For most of this season, 47 games, Beal did not resemble the long-range sharpshooter he has been for the entirety of his career. He was shooting just 31.6 percent from three, well below his career mark of 37.9.
But then he made a mechanical adjustment with help from his trainer, Drew Hanlen, and since there has been no hope of stopping him for opposing defenses.
In the eight games since, Beal is shooting 51.2 percent from the perimeter on 10.4 attempts per game. That has raised his percentage for the season all the way to 35.2 in a very short period of time.
"It's rising up," head coach Scott Brooks said. "And I don't anticipate it dropping."
So, what exactly did Beal and Hanlen change?
Their film session as the turning point was first mentioned by Hanlen on a podcast with NBC Sports Washington's Chris Miller earlier this week. But after the Wizards' win over the Hawks on Friday night, Beal gave some details on what the fix exactly was.

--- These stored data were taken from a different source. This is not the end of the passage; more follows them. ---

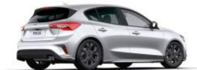
MOONDUST SILVER - LAKIER METALIZOWANY

750 zł Lakier niedostępny dla wersji ST X Edition
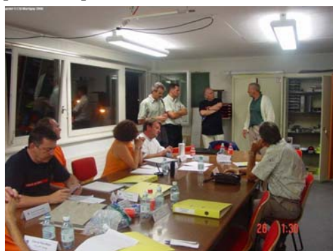
La cellule de crise

Pendant ce temps, nous avons commandé certaines machines de chantier. Avec l'expérience de l'événement pluvieux d'octobre 2000, nous savions que la Dranse pouvait charrier énormément de troncs d'arbre. Or sur ce cours d'eau, le tablier d'un certain nombre de ponts est relativement bas. Nous avons déjà pris la décision 6 ans auparavant d'amener des machines de chantier, de façon à pousser les troncs vers le bas à leur arrivée pour qu'ils puissent passer sous le tablier.
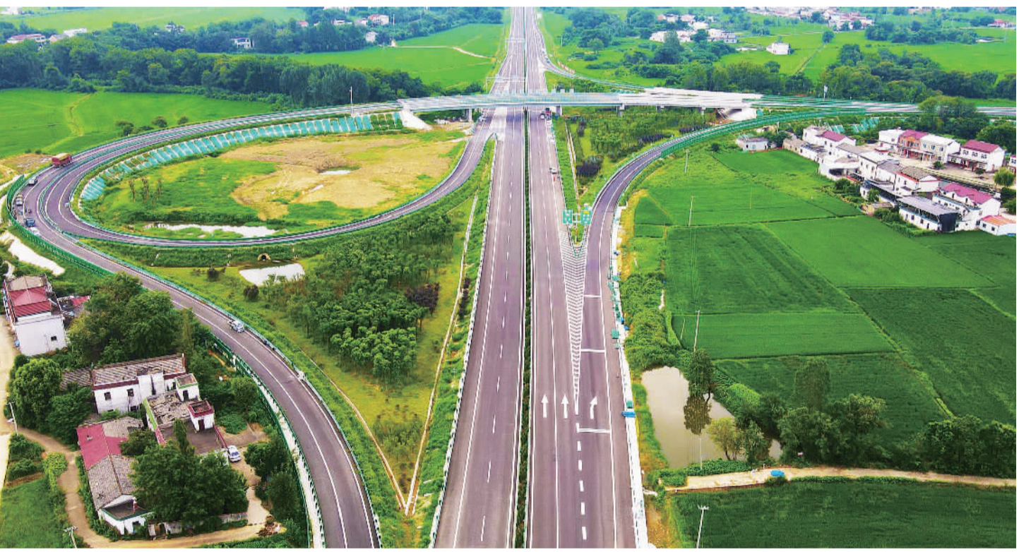
7月26日,在安徽省安庆市潜山市源潭镇,建设中的无(为)岳(西)高速路面六标段雏形初显。该高速有望今年建成通车。通车后,将进一步完善长江经济带综合立体交通走廊。近年来,当地不断加大交通基础设施建设,方便群众出行,为推进产业发展夯实基础。

需要注意的是,由于贷款合同变更、贷款置换涉及商业银行的自主经营权,具体事项仍需借款人与商业银行在合法合规的前提下协商一致。“银行尤其是国有大行意识到,降低存量房贷利率是一个当下痛苦、长远有利的选择。”董希淼说,提前还款、降低存量房贷利率都会影响银行收益,但从长远看,后者有助于增强客户黏性、稳定存量客户。“接下来,金融部门将积极配合有关部门加强政策研究,因城施策提高政策精准度,更好支持刚性和改善性住房需求,促进房地产市场平稳健康发展。”邹澜说,人民银行将深入贯彻落实党中央、国务院决策部署,坚持“房住不炒”定位,配合相关部门和地方政府扎实做好保交楼、保民生、保稳定工作,满足行业合理融资需求,继续为行业风险有序出清创造有利金融环境。
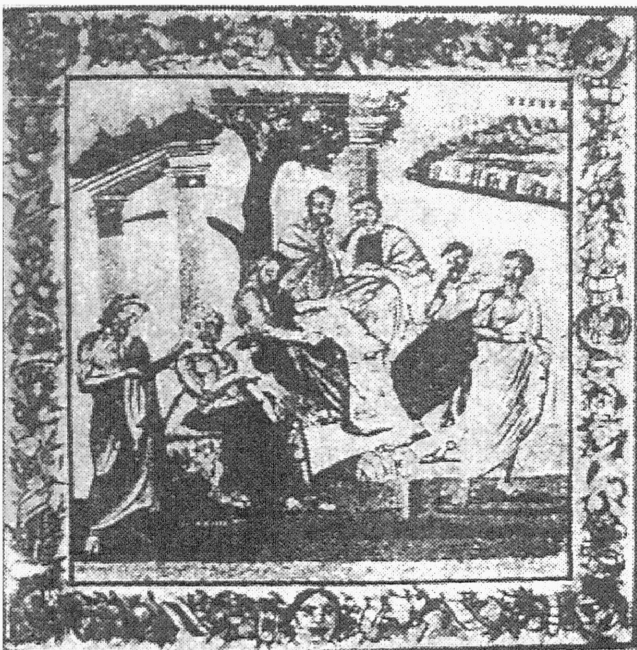
Platon õpilaste keskel. Pompeijast leitud mosaiigifragment.

Antiik-Kreeka mütoloogia rikkalikku tegelaskalorisse kuulusid ka nn heerosed - kanaelased (näit Herakles ja Achilleus). iu-
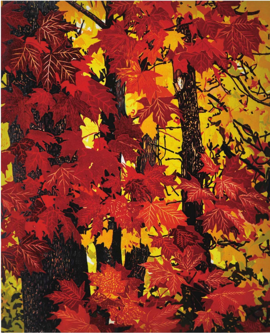
作品名称：《爱在深秋》 作者：吴琳
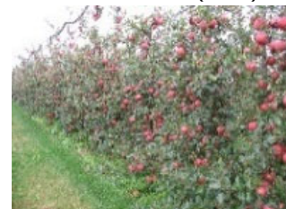
省力樹形の例 超高密植栽培(りんご)
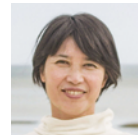
野口 里佳 写真家

"I had honestly kind of changed the way I was shooting from last year or the year before. I was very narrow instead of being wide-based like I always am. I'm a lot more balanced. It's more consistent," Beal said.
Beal is now shooting with a broader stance. His footwork and the push he gets with his legs are crucial elements to his jump shot.
Hanlen and Beal worked together the night the Wizards lost to the Cavaliers on Feb. 21 at the gym in Beal's house. Beal picked up the lesson quickly and it has paid off in a big way in recent weeks.
During this stretch, Beal has averaged 39.1 points per game. He's dropped 50 or more twice and 30 or more seven times in eight games.
On Friday against Atlanta, he went 7-for-10 from long range.
"I'm just in a rhythm now," Beal said. "Ever since then, I've just been knocking them down. That was the final part of my game being where I want it to be."